### What this task involves
Exactly as written, output the lines below starting from the first and ending with the line that contains "Inspired by the"; omit pictures.

====== Data to process

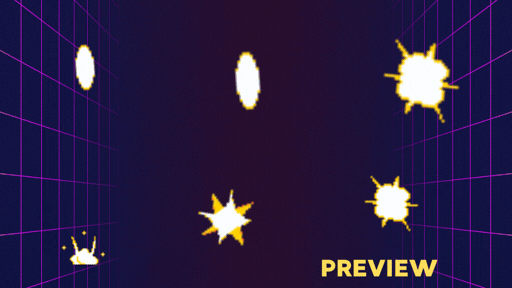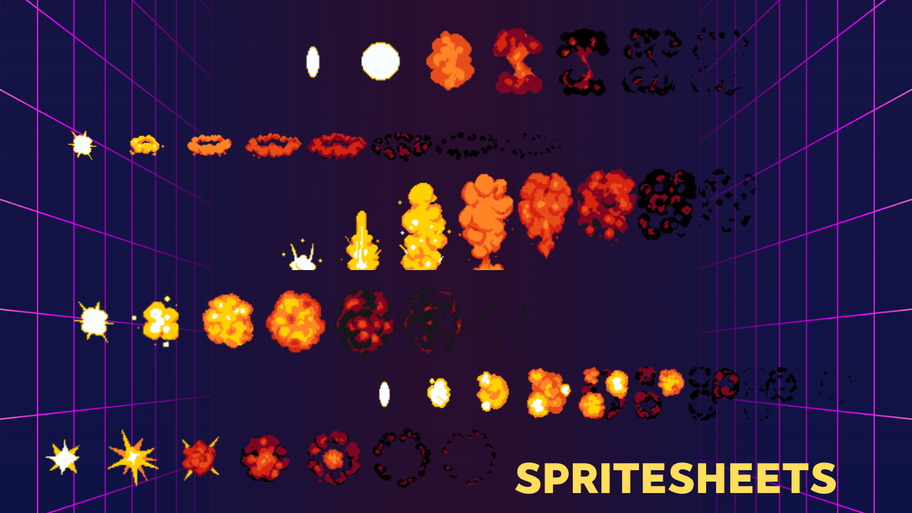 A collection of 6 different explosive animations created in crisp pixel art.
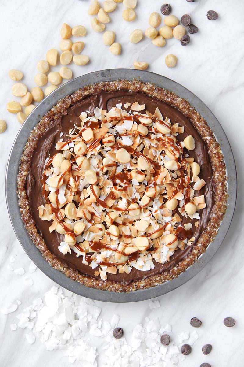 Inspired by the classic "turtle" flavor combination, this tropical Vegan Chocolate Coconut Macadamia Cream Pie is a secretly healthy treat that still feels indulgent. You'll never believe it's plant-based, grain-free, and naturally sweetened. That creamy filling is made from avocados!
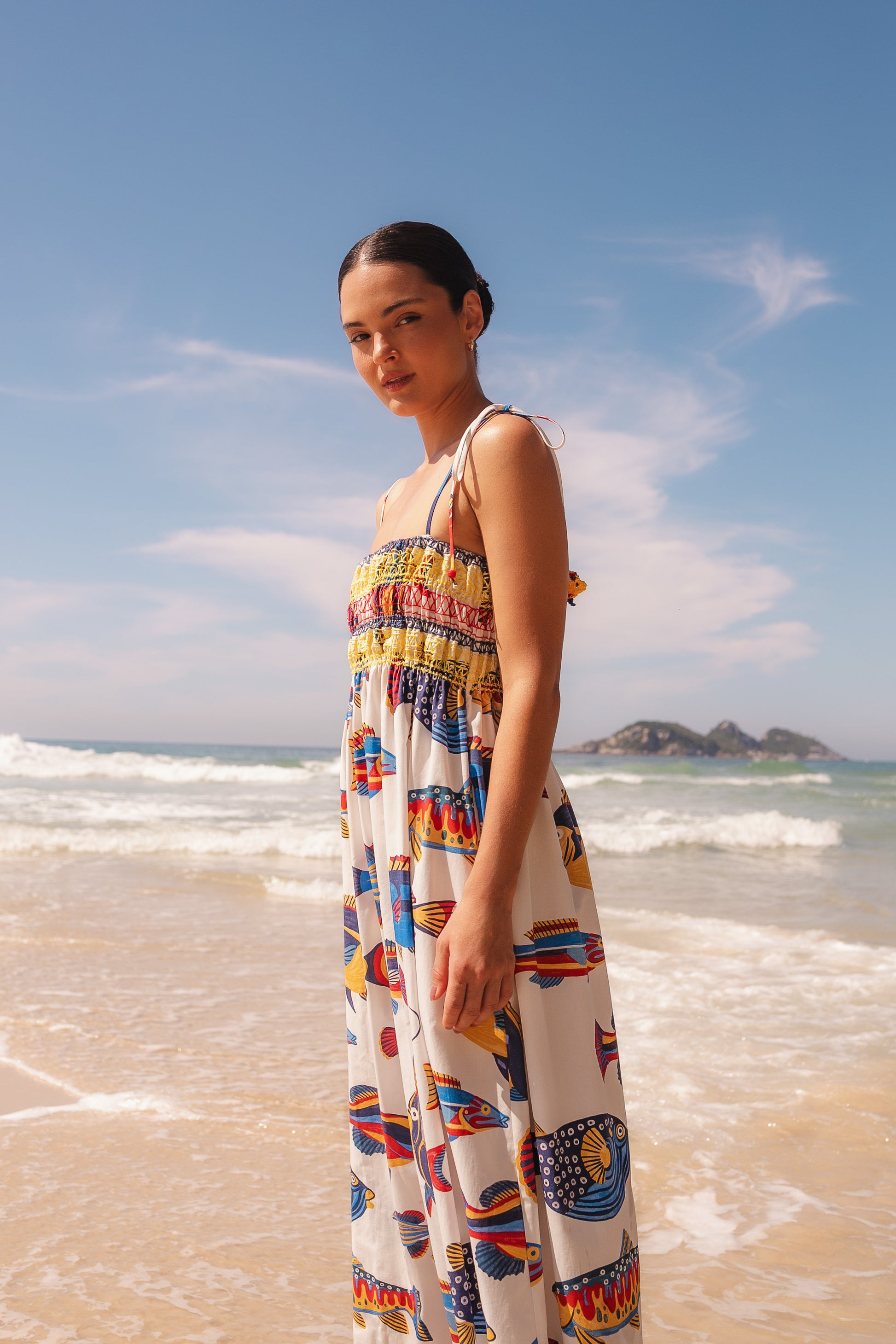 Leve e confortável, o Vestido Paraty traz busto com bordado e alças finas reguláveis com amarração. O lastex garante o ajuste perfeito, enquanto a modelagem solta oferece fluidez ao movimento. Para finalizar, as ponteiras das alças recebem dois peixinhos, trazendo um toque lúdico e especial.
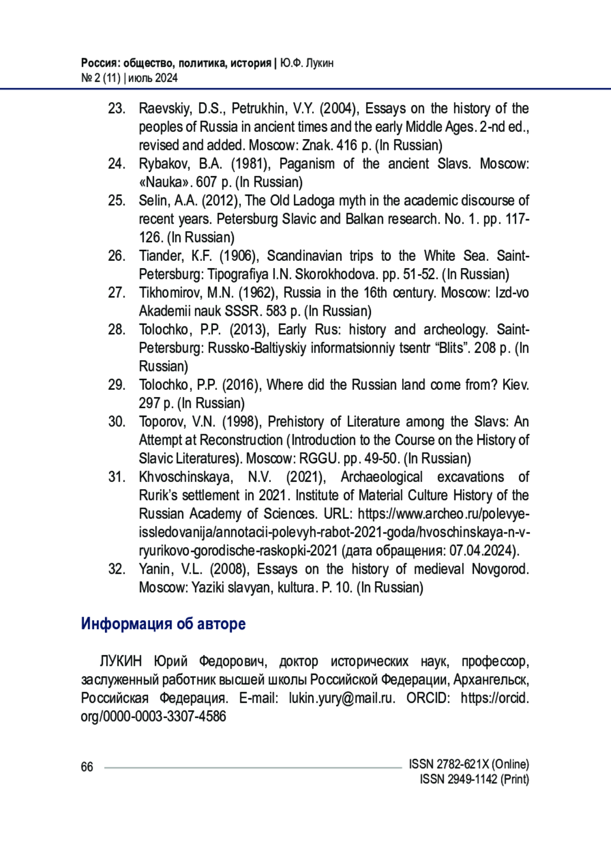 24. Селин А.А. (2012), Староладожский миф в академическом дискурсе последних лет [The Old Ladoga myth in the academic discourse of recent years]. Петербургские славянские и балканские исследования. №1. С. 117-126.
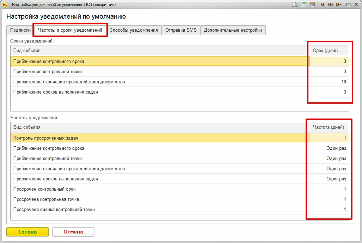 В верхнем окне можно настроить количество дней до наступления события, с которого система начнет уведомлять пользователей. В нижнем окне настраивается периодичность этих уведомлений – единожды или с заданной частотой.
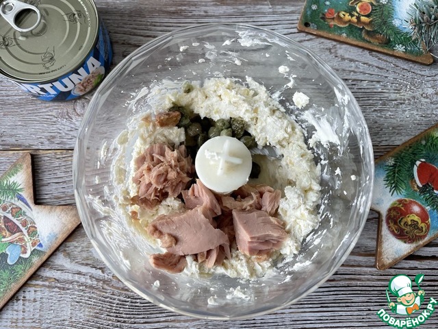 Добавьте филе тунца и каперсы. Пробейте блендером, чтобы остались кусочки тунца и кусочки каперсов, в паштет сбивать не надо. Текстура у риета должна быть фактурной.
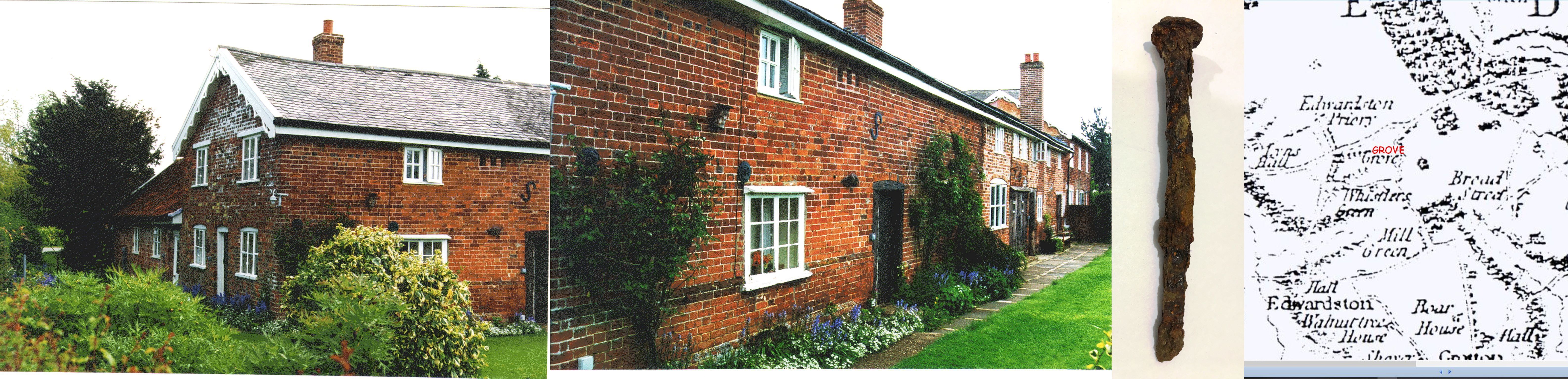 4. Joseph Alston: New House: Edwardstone SFK. Edwardstone New House/Grove. The stables and cottage converted to residences, New House mansion was demolished in the early 19th C, a wrought iron forged nail picked up on the site of New House possibly used in its construction? Map of Edwardstone showing New House/Grove to the North.
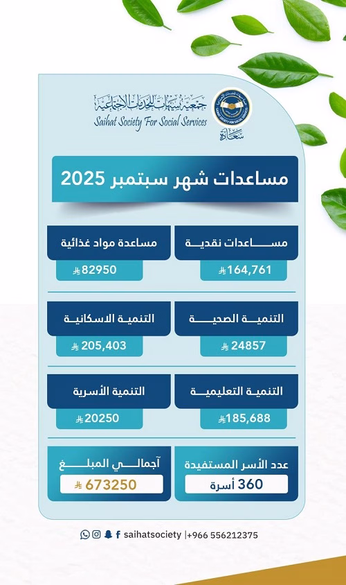 خلال سبتمبر.. مساعدات “سعادة” تجاوزت 670 ألف ريال صرفت على 360 أسرة
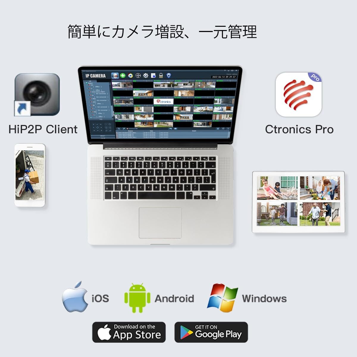 【簡単に増設、一元管理】 複数Ctronicsカメラを全て同一アプリ内で管理しております。スマホ4台まで同時に監視、PCで36台以上の映像を並べて1画面でみられます。家族と映像や通話を共有できる機能も便利で、家庭のセキュリティ向上に非常に役立ちます。手軽にPCからも管理でき、店舗事業用としての使用も問題ありません。
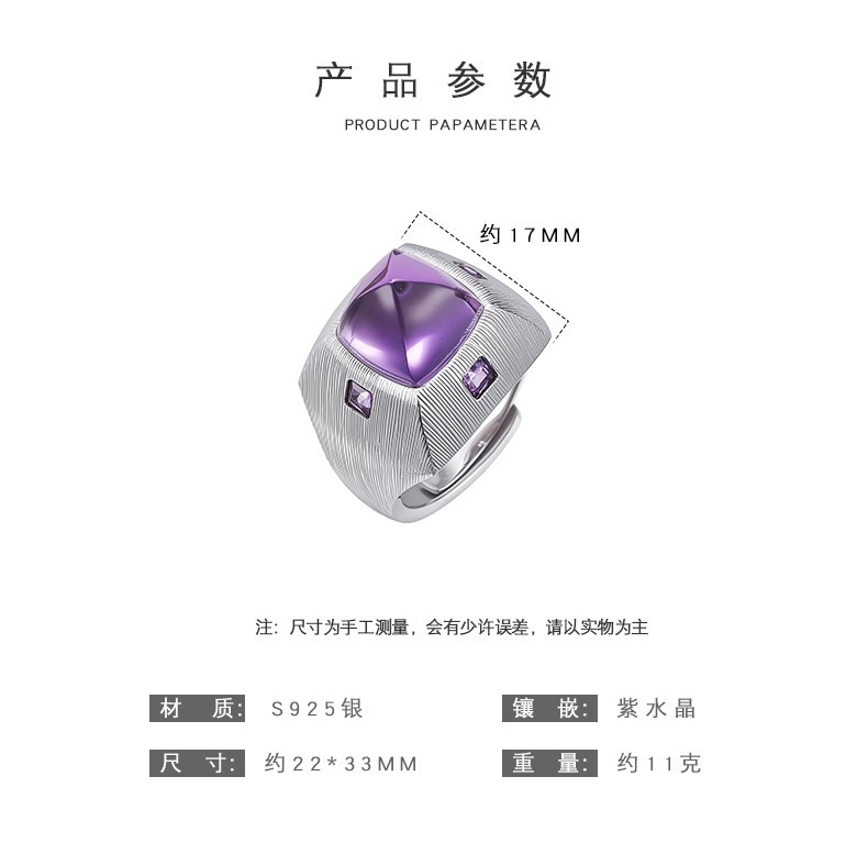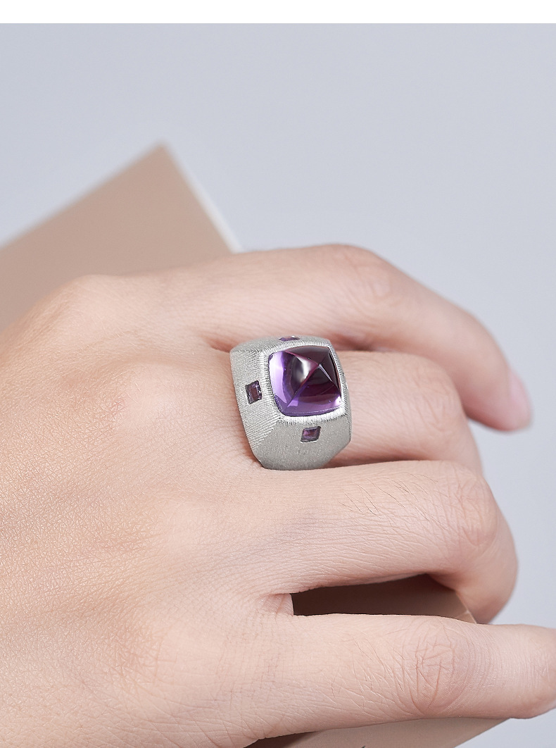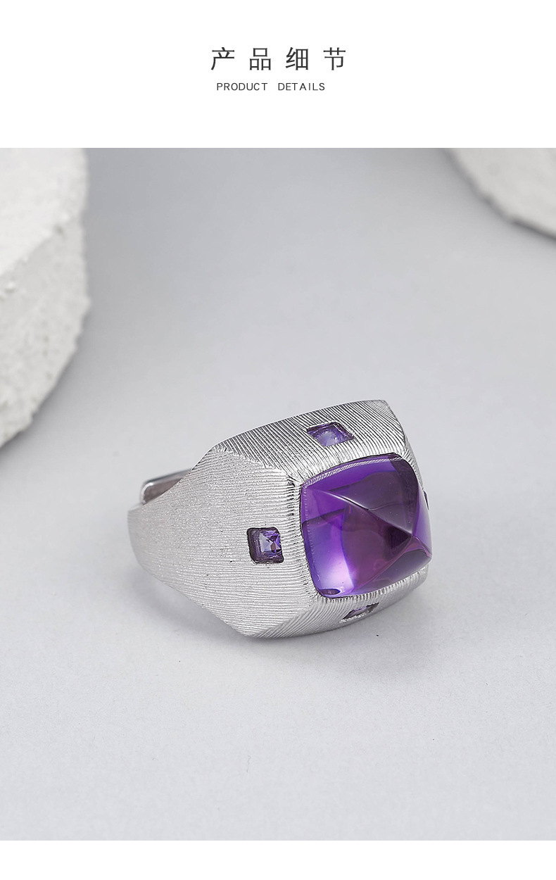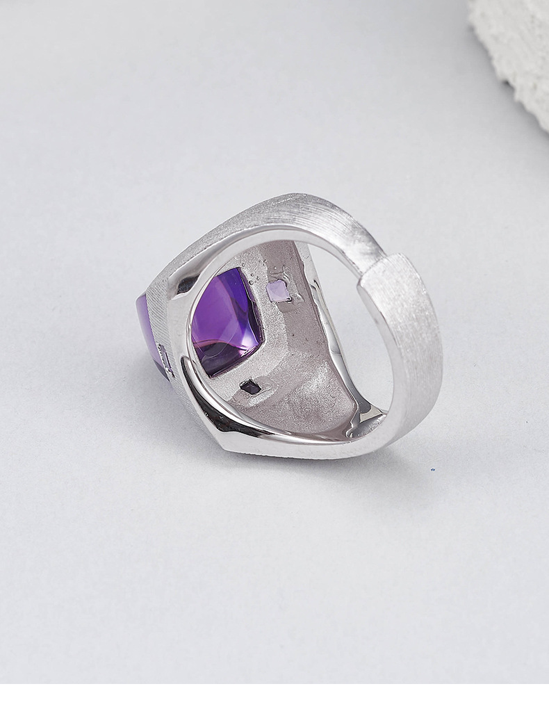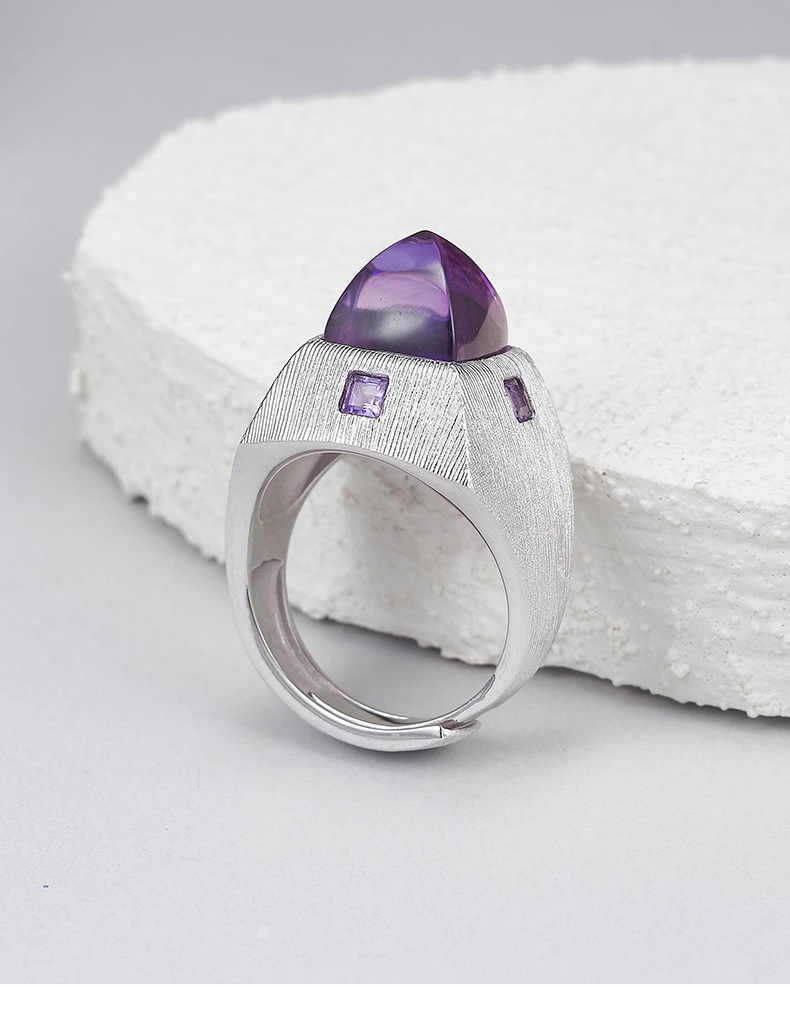 925 Sterling Silver Brushed Amethyst Diamond-Shaped Open Ring
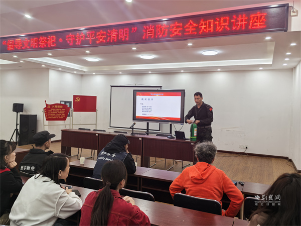 荊楚網(湖北日報網)訊(通訊員 許夢瑩)清明節臨近,為提升轄區企業、商戶及居民的消防安全意識,筑牢節日期間安全防線,3月27日,武漢市武昌區白沙洲街道星苑社區聯合普消湘安防火咨詢服務中心,開展了“倡導文明祭掃 守護平安清明”消防安全知識講座。轄區企業負責人、個體工商戶及居民代表共30余人參與。
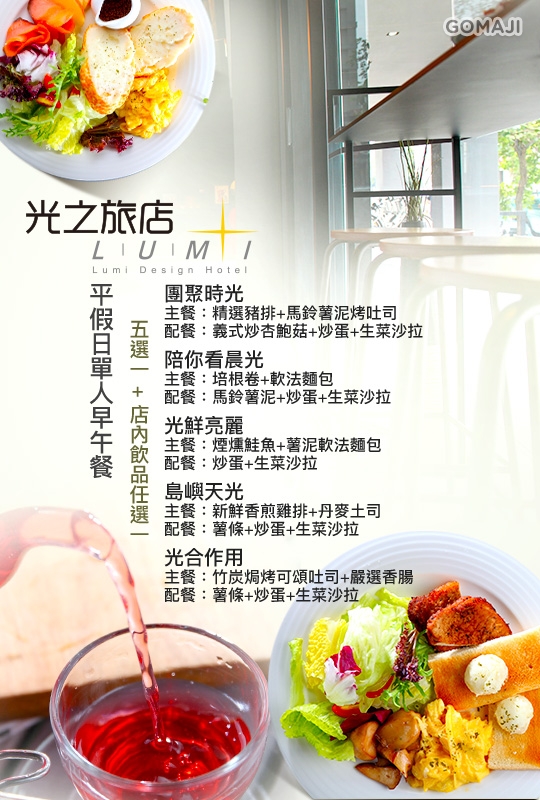 迎接早晨第一道曙光,在輕柔的音樂聲中,空氣中飄散出著濃郁咖啡香,搭配著輕食,用活力早餐點亮元氣的一天,在喧囂的街道城市中給予心靈休憩的空間,品味美食的細緻、享用料理的情調內涵,彷彿置身於巴黎街頭,欣賞 LUMI 的光影對話。
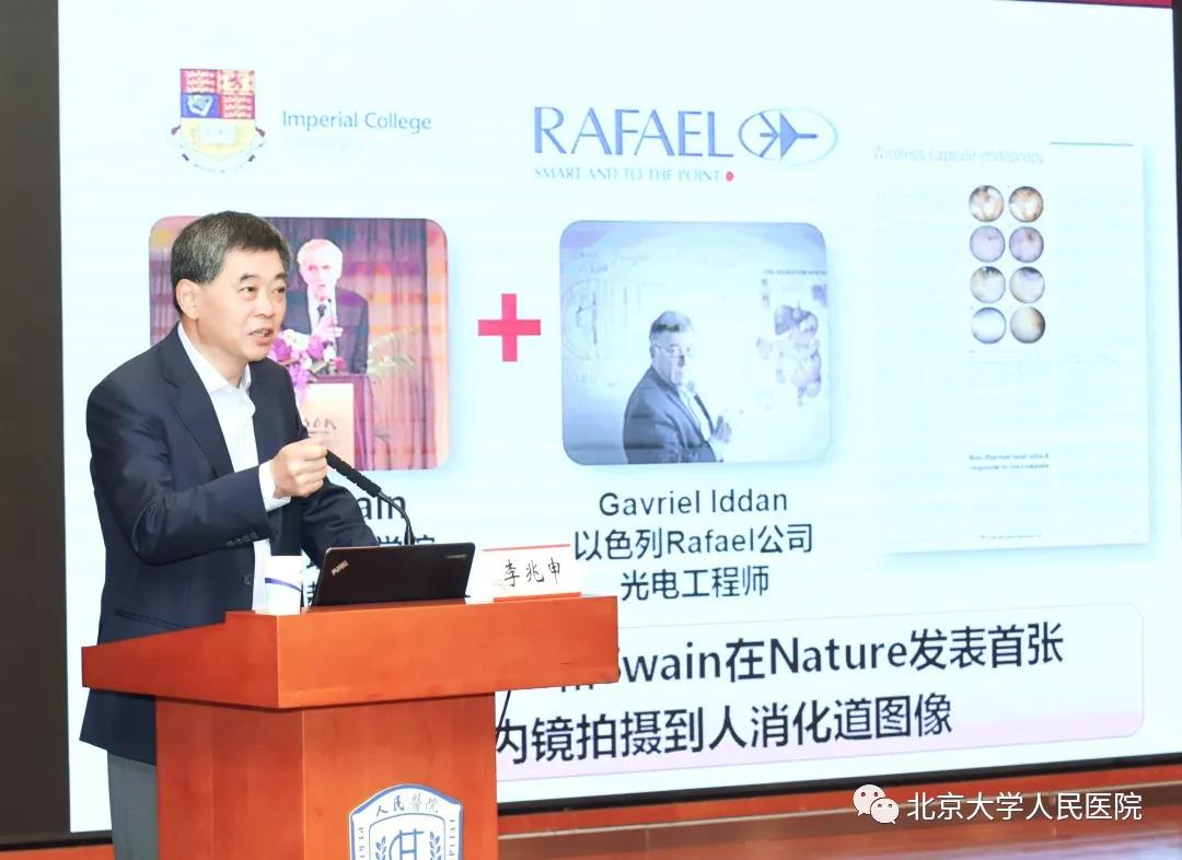 李兆申院士做了题为《瞄准临床难题,医工交叉;促进消化内镜技术发展》的学术报告。医工交叉带来科技创新。在消化内镜技术方面,追求舒适、安全,为消灭小肠盲区,研发小肠胶囊内镜;研发遥控胶囊实现胃部检查,例如磁控胶囊胃镜的研发,并开发遥控胶囊胃镜智能阅片系统,开创新领域应用研究。功能胶囊机器人研发,实现便秘治疗、定向释放药物、遥控活检、肠道微生态研究、治疗肥胖、胆胰管疾病遥控胶囊智能治疗等。在胰腺疾病的微创治疗方面,利用体外碎石加内镜取石技术,清除胰腺多发结石;放射与内镜技术相结合治疗胰腺癌;研发放射性粒子支架植入,放射性粒子消融止痛,放射标记协助精准放疗等医工交叉融合新技术。

============

### Written solution
 A collection of 6 different explosive animations created in crisp pixel art.
 Inspired by the classic "turtle" flavor combination, this tropical Vegan Chocolate Coconut Macadamia Cream Pie is a secretly healthy treat that still feels indulgent. You'll never believe it's plant-based, grain-free, and naturally sweetened. That creamy filling is made from avocados!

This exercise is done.